[Records from a collection]
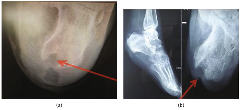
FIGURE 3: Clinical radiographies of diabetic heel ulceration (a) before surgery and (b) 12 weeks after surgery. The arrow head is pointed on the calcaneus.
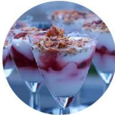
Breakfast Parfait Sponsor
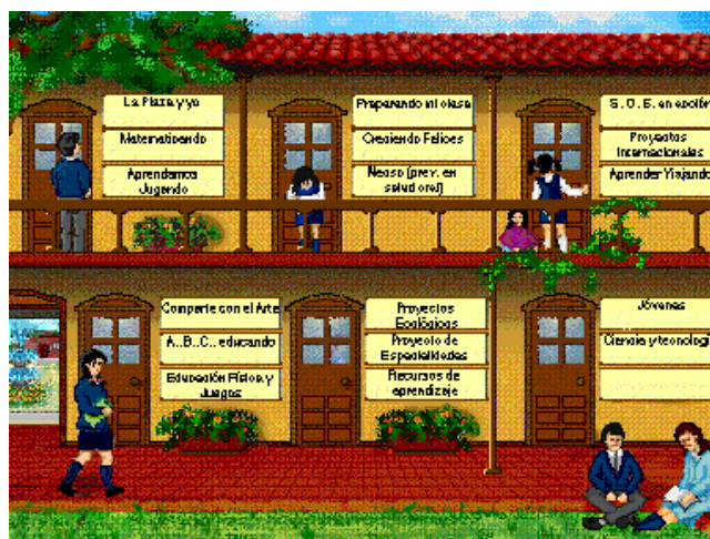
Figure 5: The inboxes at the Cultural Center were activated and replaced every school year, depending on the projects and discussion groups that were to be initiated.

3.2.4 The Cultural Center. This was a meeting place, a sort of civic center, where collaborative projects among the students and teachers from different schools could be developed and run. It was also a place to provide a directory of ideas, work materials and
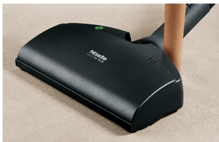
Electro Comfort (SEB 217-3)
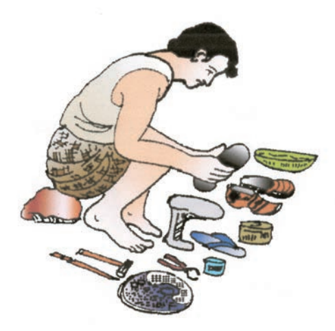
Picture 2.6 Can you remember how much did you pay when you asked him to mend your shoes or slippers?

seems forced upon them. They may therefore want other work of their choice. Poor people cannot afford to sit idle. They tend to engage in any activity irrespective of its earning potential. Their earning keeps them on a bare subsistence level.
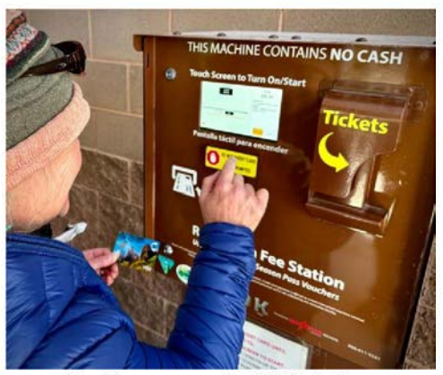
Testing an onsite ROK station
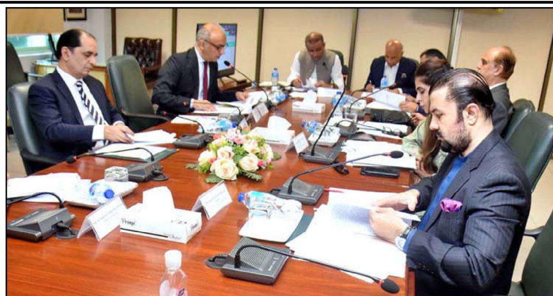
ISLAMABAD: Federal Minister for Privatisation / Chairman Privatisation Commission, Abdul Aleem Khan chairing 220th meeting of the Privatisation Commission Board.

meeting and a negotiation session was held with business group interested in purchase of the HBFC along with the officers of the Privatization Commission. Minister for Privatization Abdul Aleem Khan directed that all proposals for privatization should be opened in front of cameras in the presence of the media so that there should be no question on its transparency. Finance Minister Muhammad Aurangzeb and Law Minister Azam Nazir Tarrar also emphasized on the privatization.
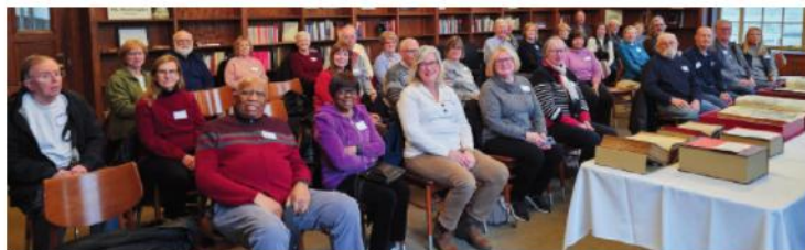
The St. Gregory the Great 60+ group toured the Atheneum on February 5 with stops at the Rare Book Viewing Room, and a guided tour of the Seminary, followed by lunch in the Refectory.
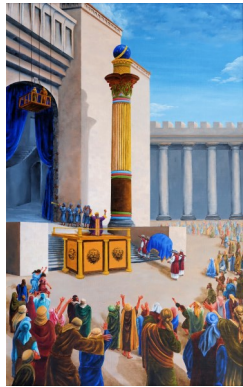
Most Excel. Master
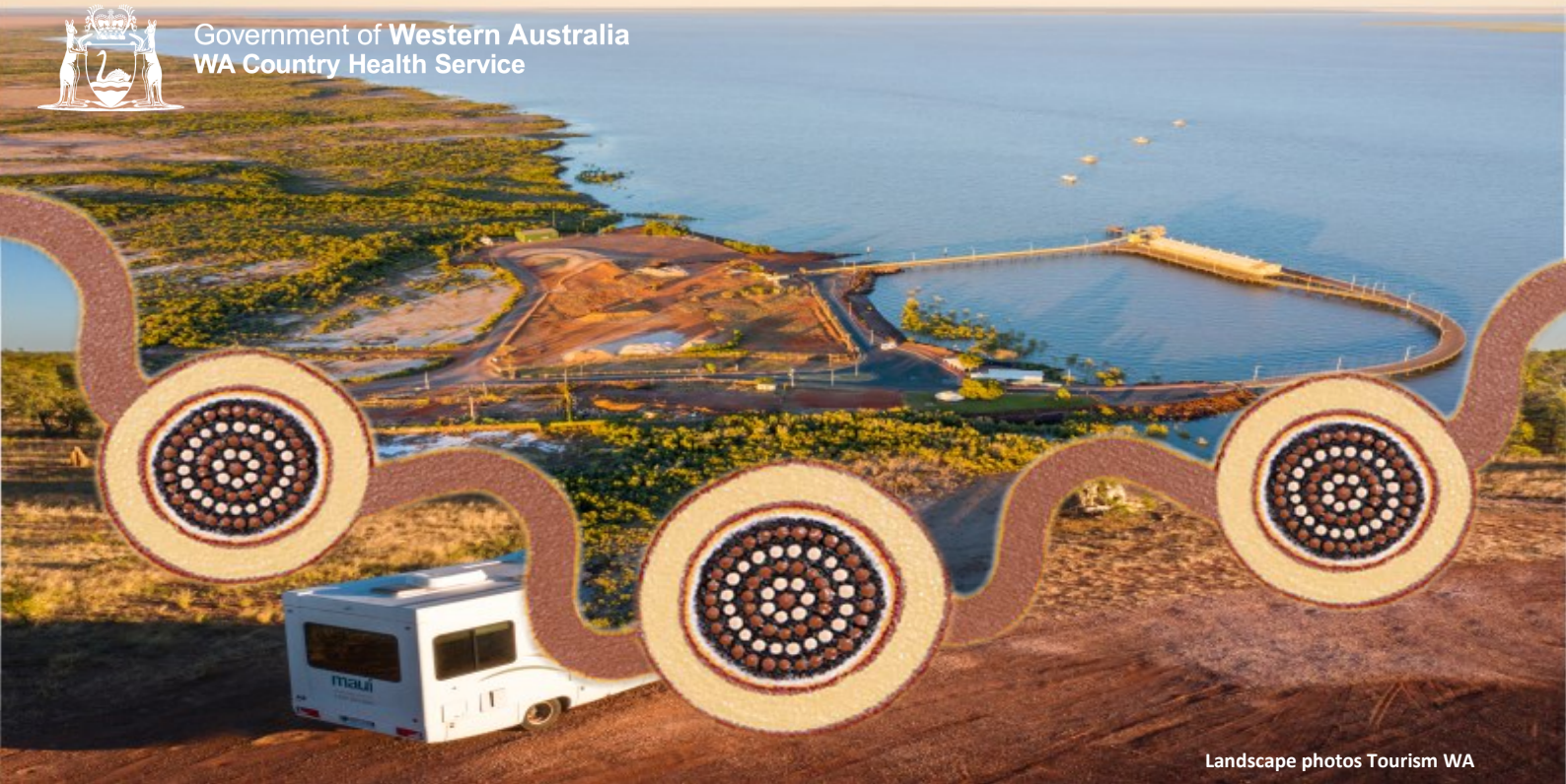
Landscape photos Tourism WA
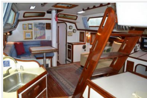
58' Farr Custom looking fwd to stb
==
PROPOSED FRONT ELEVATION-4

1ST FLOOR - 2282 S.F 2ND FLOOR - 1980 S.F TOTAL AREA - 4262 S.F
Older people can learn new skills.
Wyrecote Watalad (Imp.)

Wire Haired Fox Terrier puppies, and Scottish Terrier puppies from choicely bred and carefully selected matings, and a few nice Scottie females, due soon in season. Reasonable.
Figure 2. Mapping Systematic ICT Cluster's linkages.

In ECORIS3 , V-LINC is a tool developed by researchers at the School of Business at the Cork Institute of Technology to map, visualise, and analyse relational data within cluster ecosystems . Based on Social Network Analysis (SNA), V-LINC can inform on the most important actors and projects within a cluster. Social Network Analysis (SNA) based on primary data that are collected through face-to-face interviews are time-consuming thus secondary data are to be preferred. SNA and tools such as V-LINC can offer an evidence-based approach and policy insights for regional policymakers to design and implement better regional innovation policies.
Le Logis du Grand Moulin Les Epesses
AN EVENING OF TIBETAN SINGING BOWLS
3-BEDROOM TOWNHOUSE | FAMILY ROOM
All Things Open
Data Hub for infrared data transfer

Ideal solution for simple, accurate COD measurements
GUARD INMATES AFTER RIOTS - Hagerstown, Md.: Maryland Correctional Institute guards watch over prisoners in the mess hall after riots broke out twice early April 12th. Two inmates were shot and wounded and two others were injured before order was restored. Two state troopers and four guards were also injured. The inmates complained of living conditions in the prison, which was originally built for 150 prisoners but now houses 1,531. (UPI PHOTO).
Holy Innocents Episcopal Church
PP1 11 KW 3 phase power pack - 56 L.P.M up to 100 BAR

ASSIGNMENT: The lines to copy are those above that contain "people".

COMPLETED EXERCISE:
seems forced upon them. They may therefore want other work of their choice. Poor people cannot afford to sit idle. They tend to engage in any activity irrespective of its earning potential. Their earning keeps them on a bare subsistence level.
Older people can learn new skills.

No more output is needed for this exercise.